## Task prompt
Here the job is to repeat the listing exactly, but not the pictures in it.

## Source data
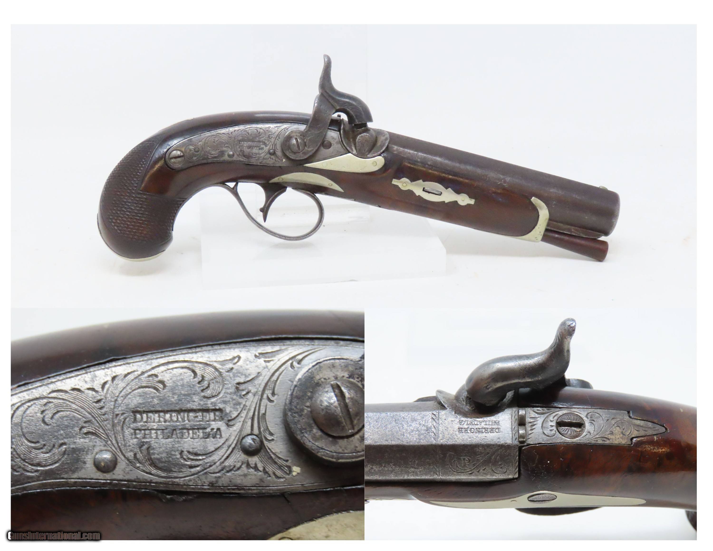 ENGRAVED & SILVER Mounted Antique DERINGER Percussion Pistol KILLED LINCOLN Henry Deringer’s Famous 1850s Pocket Pistol
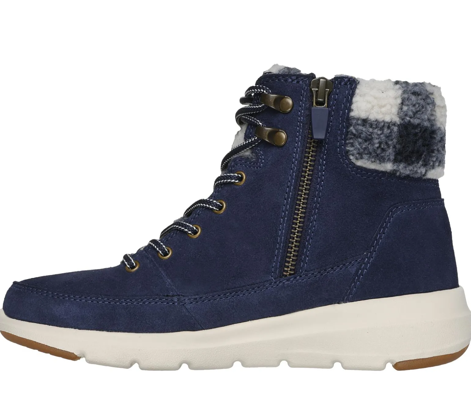 Stay warm throughout the season with Skechers On-the-GO Glacial Ultra – Timber. This casual cold-weather zip boot features a lace-up suede upper with a buffalo plaid print sherpa lining, Skechers Air-Cooled Goga Mat insole and a lightweight ULTRA GO® midsole.
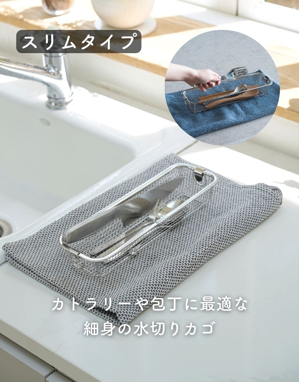 水切りかご 食洗機対応 ステンレス スリム カトラリー 水切り 水切りカゴ コンパクト 水切りラック ザル ざる キッチン 収納 台所 シンプル すっきり暮らす 燕三条 日本製 ビーワーススタイル 【送料無料】

## Output below
 ENGRAVED & SILVER Mounted Antique DERINGER Percussion Pistol KILLED LINCOLN Henry Deringer’s Famous 1850s Pocket Pistol
 Stay warm throughout the season with Skechers On-the-GO Glacial Ultra – Timber. This casual cold-weather zip boot features a lace-up suede upper with a buffalo plaid print sherpa lining, Skechers Air-Cooled Goga Mat insole and a lightweight ULTRA GO® midsole.
 水切りかご 食洗機対応 ステンレス スリム カトラリー 水切り 水切りカゴ コンパクト 水切りラック ザル ざる キッチン 収納 台所 シンプル すっきり暮らす 燕三条 日本製 ビーワーススタイル 【送料無料】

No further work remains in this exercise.